Saved entries
=== Section Start ===
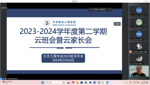 为帮助土木工程专业2022级专升本提高毕业设计的质量以及更好的解决就业问题,12月20日16时,辅导员刘子豪老师采用腾讯会议方式召开2023-2024学年度第二学期云班会暨云家长会,土木工程专业专业长、生涯导师和2022级专升本全体同学及家长参加会议。
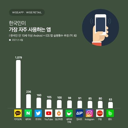 '한국인이 가장 자주 사용하는 앱' 5위권에 커뮤니티 앱으로는 유일하게 당근마켓(100억회)이 오르면서 네이버카페(6위), 인스타그램(8위), 네이버밴드(10위) 등 국내 및 글로벌 대표 커뮤니티와 SNS 서비스를 모두 앞섰다.
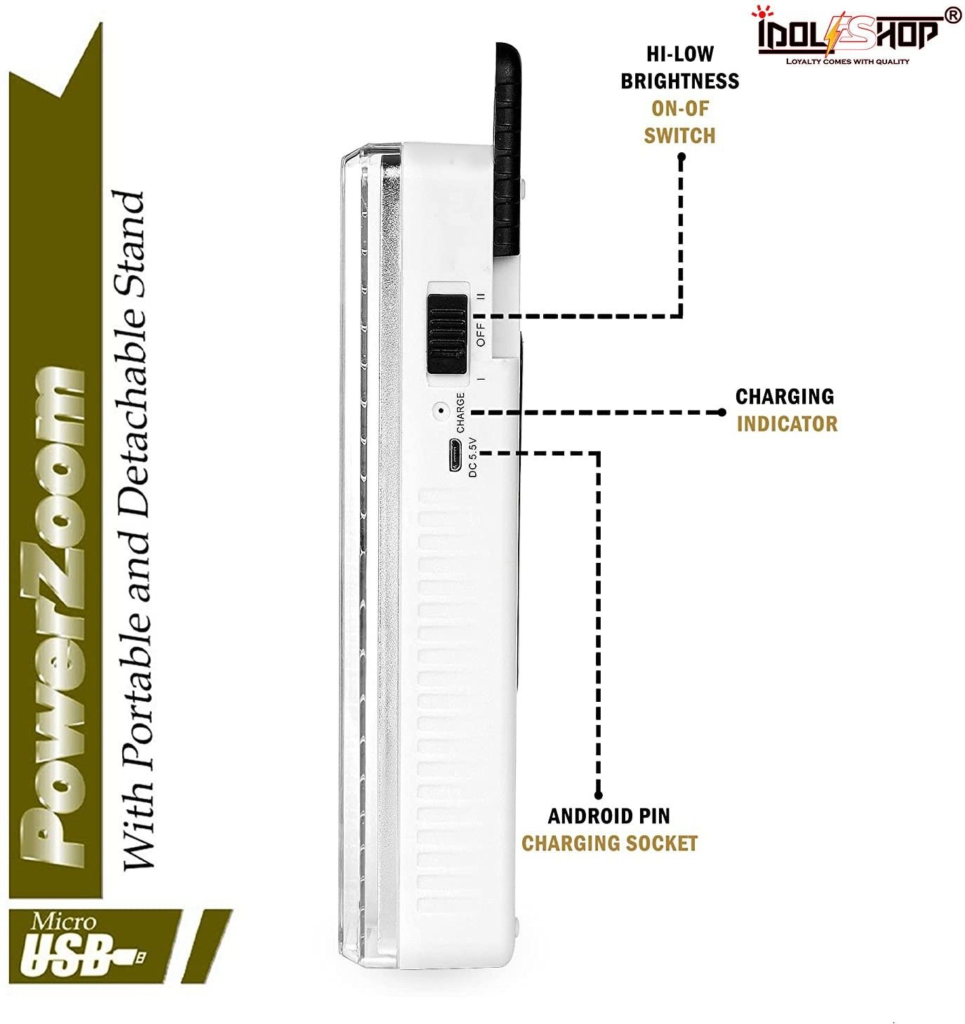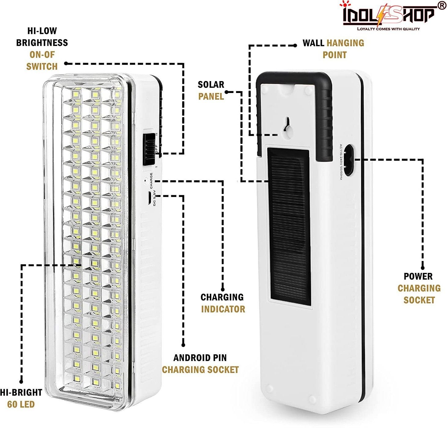 IDOLESHOP 60 High-Bright LED Rechargeable Emergency Light with Android Charging Support (White 02)
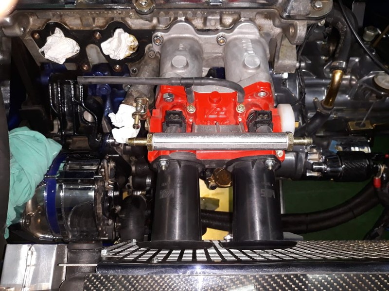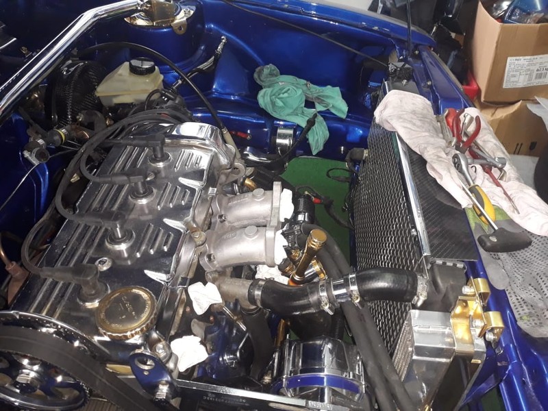 Gude - dann mal wieder etwas zum Lesen und Gucken.... Es ging dann erstmal daran, die Einspritzung vom 16V, Spritleitungen, und andere Sachen ordentlich zu demontieren. Nun hab ich eine Brücke samt Drossel montiert, da beim Einbauversuch der zweiten Brücke der Wasserstutzen im Weg steht. Die Länge des Ganzen beträgt ca. 28-29cm. Wasser- und Ölkühler sind auf den Bildern noch eingebaut, wird aber erneuert bzw. versetzt. Jetzt kann ich Wasserrohre und Schläuche neu konzipieren und anbauen. In Dorfmark beim Treffen waren jeweils 3 Roccos mit Drossel bzw. Weber 16V. Da hab ich die ein oder andere Anregung förmlich aufgesogen und mitgenommen. War echt interessant, dieser Austausch. Gleichfalls hier Danke an den Axel aus GF. Ich glaub, er weiß schon ,wer gemeint ist
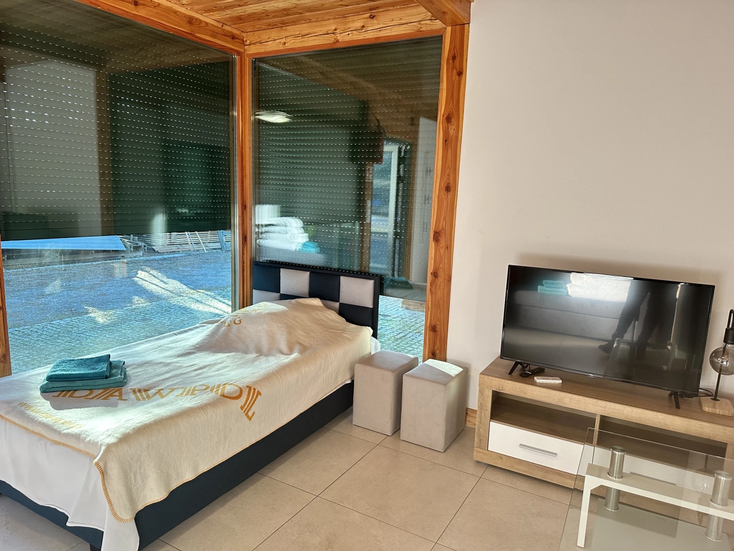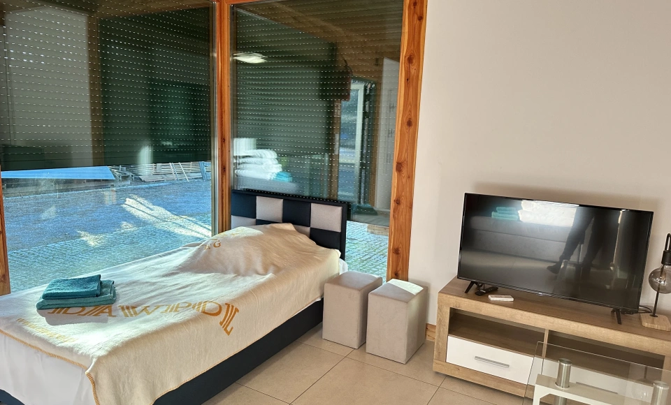 W cieplejsze dni goście mogą odpocząć w strefie basenowej, obejmującej dwa baseny: mniejszy z podgrzewaną wodą oraz większy o wymiarach 10 × 5 metrów, zlokalizowany w pobliżu sauny. Przestrzeń wokół basenów sprzyja również organizacji aktywności integracyjnych, takich jak gry zespołowe, paintball czy zajęcia na strzelnicy, które urozmaicają pobyt grup zorganizowanych i wydarzeń firmowych.
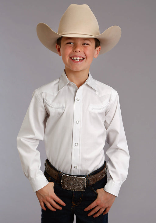 Stetson Boys White 100% Cotton Pinpoint Oxford L/S Shirt
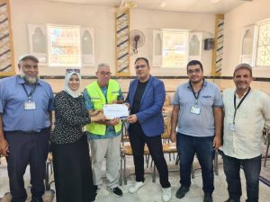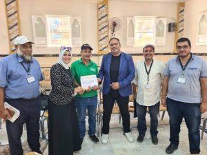 حيث قام فريق مرور الوزارة بتوزيع شهادات تقدير على بعض النماذج المتميزة من العاملين بقوافل البحيرة كما أشادوا بالجهد المبذول وقاموا بالحث على الإستمرار في التفاني والبذل لرفع رضاء جميع المنتفعين من القوافل الطبية ٠
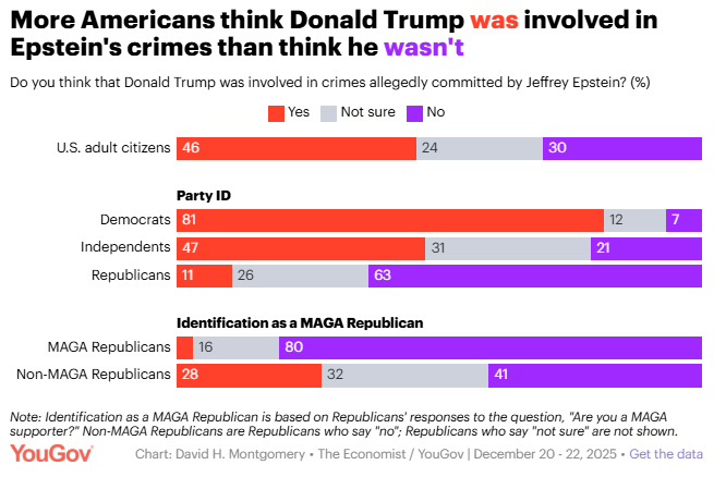 Less than half of MAGA Republicans strongly approve of Trump's handling of the Epstein investigation David Montgomery, YouGov The vast majority of Americans want the U.S. government to release all of its files from the investigation into Jeffrey Epstein: 81% say it should and only 4% say it shouldn't. Donald Trump's critics overwhelmingly oppose his handling of the Epstein investigation, while Trump's supporters are more divided and give him less support than they do on other issues.
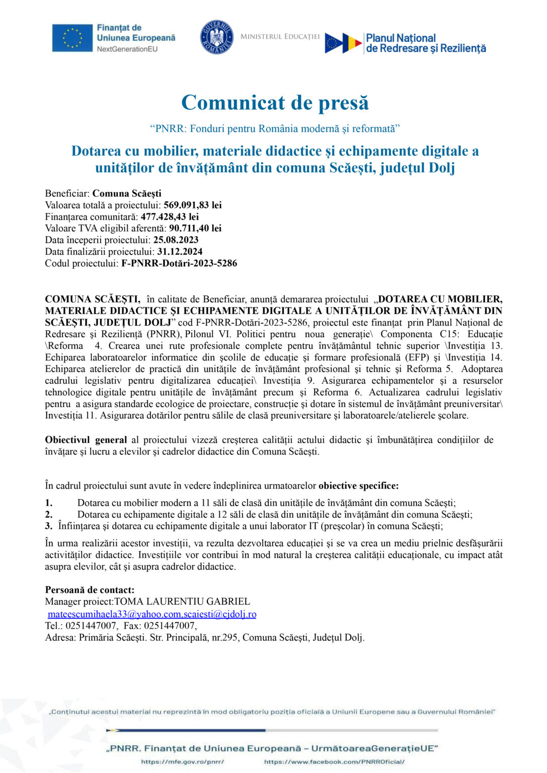 AnunturiDotarea cu mobilier, materiale didactice și echipamente digitale a unităților de învățământ din comuna Scăești, județul Dolj Jurnalul Olteniei 8 aprilie 2024 Share SHARE Jurnalul Olteniei See Full Bio Distribuie acest articol Facebook Whatsapp Whatsapp Email Copy Link Print Articolul precedent Doljean reținut pentru că a furat din două magazine. A luat băutură și țigări Articolul următor Comunicat de presă finalizare implementare proiect ” Crearea unei noi unitati de productie in cadru societatii Olaaru Taxi SRL” Ultima ora Se știe grupa în care poate juca România la Cupa Mondială din 2026 5 decembrie 2025 Dolj: Ajutoare sociale de peste 76 milioane lei 5 decembrie 2025 Cea de-a VII-a ediție a Semimaratonului Craiovei a avut loc sâmbătă, 18 octombrie 2025. 5 decembrie 2025 ANUNT PRIVIND ORGANIZAREA ACHIZITIEI DE UTILAJE . MINIEXCAVATOR – LOTUL 1, UTILAJ DE FORAT HIDRAULIC – LOTUL 2 – RELUATÃ 2 5 decembrie 2025 Modernizarea CF Filiași: Începe proiectarea 5 decembrie 2025 Testare gratuită HPV la Spitalul Județean Târgu Jiu 5 decembrie 2025 CE Oltenia raportează emisii scăzute de dioxid de carbon 5 decembrie 2025 DIICOT a destructurat un grup de proxenetism în Mehedinți 5 decembrie 2025 Legea pensiilor magistraților, atacată, din nou, la CCR 5 decembrie 2025 Magia Crăciunului Târgu Jiu: Seară de neuitat 5 decembrie 2025
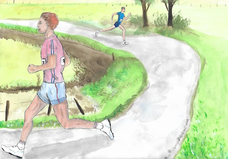 Zijn vader en broers stonden al klaar met hun riek, Marcel pikte meteen aan, met een houten kop en lamme benen, niemand in de familie had belangstelling voor zijn toch wel straf exploot: hij had welgeteld 17 loopkilometers afgelegd op net geen 1 uur tijd, een onvoorstelbare prestatie voor iemand die nooit trainde (tijdverspilling volgens zijn pa) en zelfs niet over aangepaste sportkleren beschikte, enkel zijn zondagse drankpak.
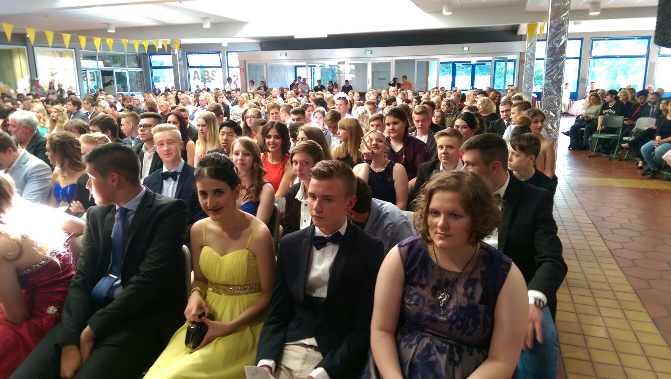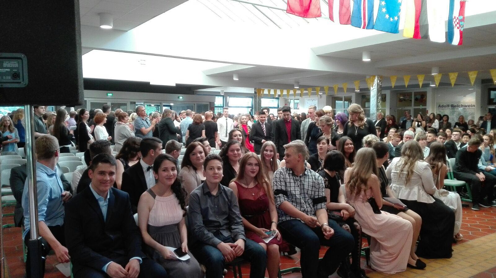 Mit einer tollen und kurzweiligen Abschlussfeier im rappelvollen PZ der Schule, das mit Eltern, Freunden und Verwandten gefüllt war, verabschiedete sich ein Großteil unserer Zehntklässler. Jede Klasse hatte ihren Teil zum Programm beigetragen, die Reden waren mit interessanten und lustigen Anekdoten versehen, setzten sich aber auch kritisch mit dem Schulalltag und der nachfolgenden Zeit auseinander.
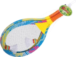 Ta barvit komplet je idealen za vrt, park in plažo. Lahka zasnova loparjev z udobnim ročajem omogoča enostavno upravljanje, zato je primerna za otroke in začetnike. LED diode v okvirju loparjev dajejo igri privlačen učinek in omogočajo varno nadaljevanje tudi po mraku.
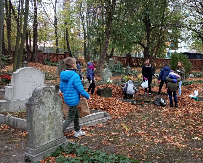 29 października, przed dniem Wszystkich Świętych, klasa 5d po raz kolejny odwiedziła pobliski cmentarz, aby zapalić znicze na grobach, których już nikt nie odwiedza: starych, opuszczonych, zapomnianych. Uczniowie wspaniale się przygotowali do porządkowania mogił oraz do zapalenia symbolicznego światełka. Pełni wzruszeń oraz refleksji nad przemijaniem „odkrywali” niektóre groby, przykryte jesiennymi liśćmi.
=== Section End ===
● Exercise prompt:
The expected output is the lines above from the one containing "IDOLESHOP 60 High-Bright" to the one containing "Gude - dann", both ends included, reproduced exactly with every picture left out.

● Your solution:
 IDOLESHOP 60 High-Bright LED Rechargeable Emergency Light with Android Charging Support (White 02)
 Gude - dann mal wieder etwas zum Lesen und Gucken.... Es ging dann erstmal daran, die Einspritzung vom 16V, Spritleitungen, und andere Sachen ordentlich zu demontieren. Nun hab ich eine Brücke samt Drossel montiert, da beim Einbauversuch der zweiten Brücke der Wasserstutzen im Weg steht. Die Länge des Ganzen beträgt ca. 28-29cm. Wasser- und Ölkühler sind auf den Bildern noch eingebaut, wird aber erneuert bzw. versetzt. Jetzt kann ich Wasserrohre und Schläuche neu konzipieren und anbauen. In Dorfmark beim Treffen waren jeweils 3 Roccos mit Drossel bzw. Weber 16V. Da hab ich die ein oder andere Anregung förmlich aufgesogen und mitgenommen. War echt interessant, dieser Austausch. Gleichfalls hier Danke an den Axel aus GF. Ich glaub, er weiß schon ,wer gemeint ist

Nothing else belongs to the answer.